With the pictures left out, print exactly the lines below that run from the one containing "潮式油泡鲜鱿 Sautéed Squid in Teochew Style" through the one containing "Early morning mowing".

━━ DATASET CONTENT ━━

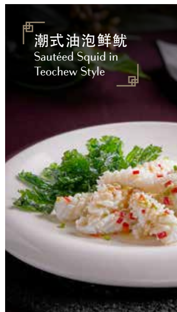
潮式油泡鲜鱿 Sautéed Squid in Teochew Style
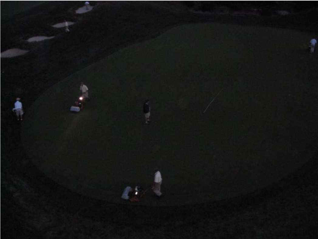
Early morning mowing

━━━
━━ DATASET CONTENT ━━

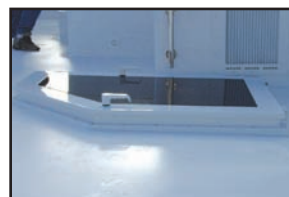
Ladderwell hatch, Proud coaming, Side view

━━━

YOUR RESPONSE:
潮式油泡鲜鱿 Sautéed Squid in Teochew Style
Early morning mowing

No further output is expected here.